Transkript
CongressSelection
Immer mehr Diabetes von zu viel Hygiene?
Typ-1-Diabetes dramatisch im Steigen begriffen
Beinahe unbemerkt und im Schatten der Typ-2-Diabetes-Epidemie bleiben Meldungen über dramatische Anstiege der Inzidenz des Diabetes mellitus Typ 1. Betroffen sind vor allem auch immer jüngere Kinder. Wir sprachen mit Prof. Dr. med. Decio Eizirik, dem Leiter des Laboratoriums für Experimentelle Medizin an der Université Libre de Bruxelles.

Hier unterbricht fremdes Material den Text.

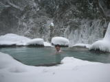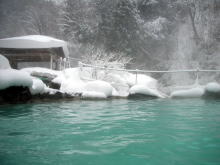 | 女夫渕の露天風呂は数は多いもののどれも同じような造りでやや単調という評価も耳にしますが、雪の中だとそんな印象は受けず、野趣あふれるいい景色でした。 |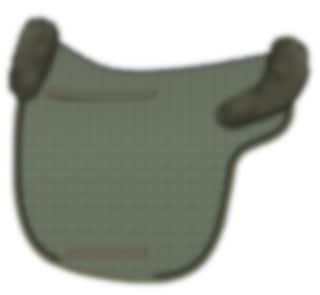 Underbart fint fårskinnsschabrak i islandshästmodell med olivfärgat lammskinn från EA Mattes som används för tryckavlastning under sadeln och för att förhindra och lindra skav.

C ongressSelection: Herr Professor Eizirik, wir hören von einer steigenden Inzidenz des Typ-1-Diabetes, gibt es die wirklich? Prof. Dr. med. Decio Eizirik: Ja, ganz sicher. Ich denke, wir haben derzeit eine wirklich ernste Situation. So ist die Inzidenz des Typ1-Diabetes beispielsweise in Finnland, wo es sehr gute Daten gibt, seit den Fünfzigerjahren auf das Fünffache gestiegen. Ähnliche Entwicklungen sehen wir in ganz Europa und – soweit sich das eben aus dem verfügbaren Datenmaterial feststellen lässt – auf der ganzen Welt.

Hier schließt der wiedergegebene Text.